Please revise the Offer
         to Purchase to describe the types of stock price movements or changes
in the dry bulk
         sector that could lead to this decision.

  Conditions of the Offer, pages 9-11

      2. See comment 8 in our last comment letter dated November 18, 2019.
Although
         Amendment No. 1 includes a statement that the Company is not aware
that any of the
         conditions specified in Section 6 of the Offer to Purchase exist or
are reasonably likely to
         exist on or after the Expiration Time of the Offering, we note that
Amendment No. 1 does
         not include a disclosure of any such approval, permit, etc. Please
revise the penultimate
         condition to disclose whether the issuer is aware of any approval,
permit, authorization,
        favorable review or consent of any governmental entity that is required
to be obtained in
       connection with the Offer which, if not obtained on terms satisfactory
to the issuer in its
       reasonable discretion, would trigger such condition.
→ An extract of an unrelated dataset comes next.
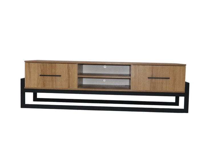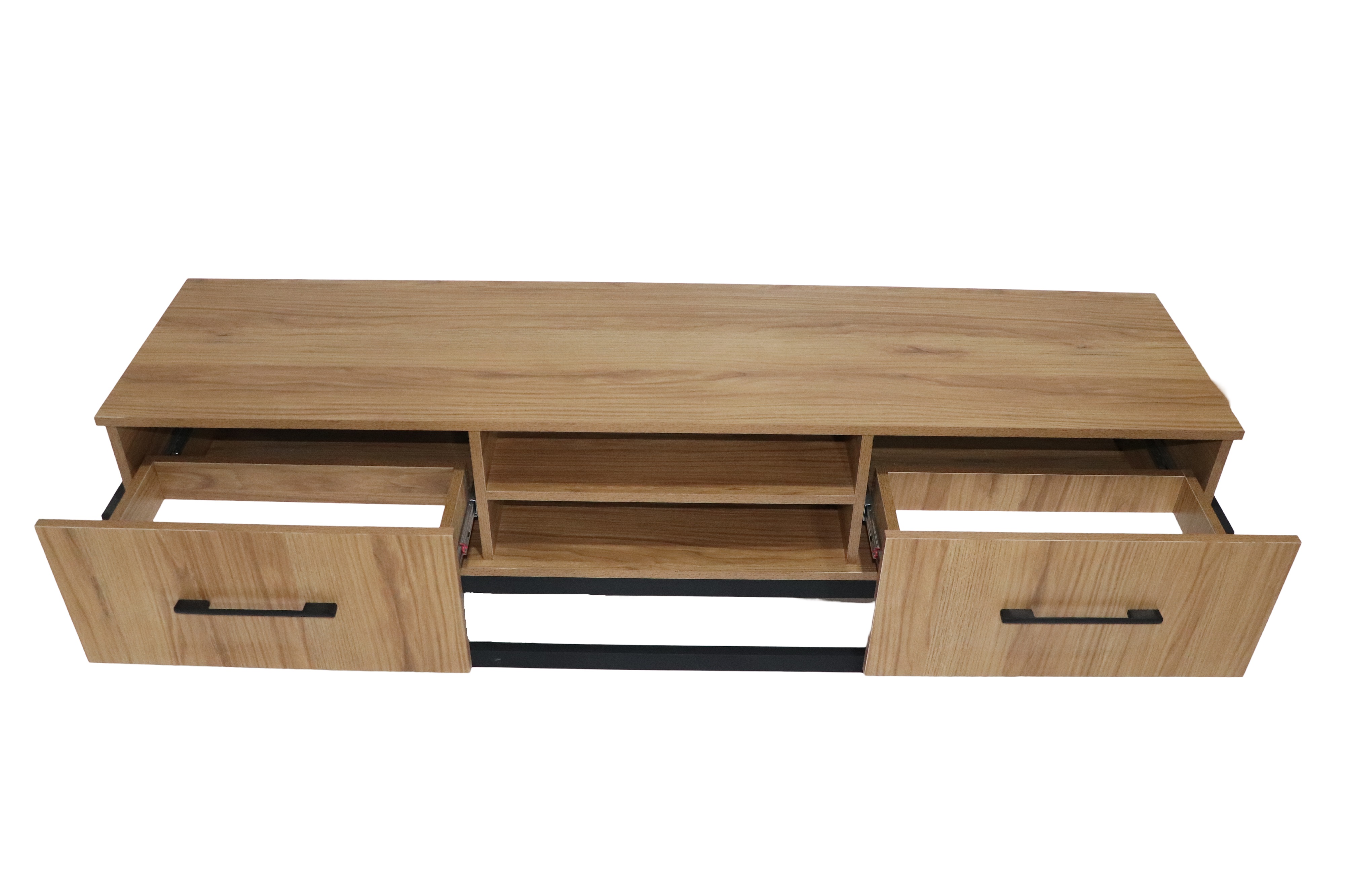 1. طراحی زیبا: ترکیب فلز و امدیاف بههمراه طراحی مدرن این میز تلویزیون، ظاهری زیبا و جذاب به اتاق میبخشد.

Exhibit (a)(1)(E)   Letter to Clients for use by Brokers, Dealers, Commercial
Banks, Trust
Companies and Other Nominees

   3. See comment 3 in our last comment letter dated November 18, 2019.
Although
      Amendment No. 1 revised the referenced statements originally made in the
Offer to
      Purchase, we note that Exhibit (a)(1)(E) to the Offer to Purchase
("Letter to Clients for
      use by Brokers, Dealers, Commercial Banks, Trust Companies and Other
Nominees
      dated November 12, 2019") was not amended and contains the following
statement: "The
      Offer is not being made to, nor will tenders be accepted from or on
behalf of, holders of
      shares residing in any jurisdiction in which the making of the Offer or
acceptance thereof
      would not be in compliance with the securities, blue sky or other laws of
such
      jurisdiction." Please revise this statement in future tender offers (if
any) in accordance
      with the changes made to the Offer to Purchase.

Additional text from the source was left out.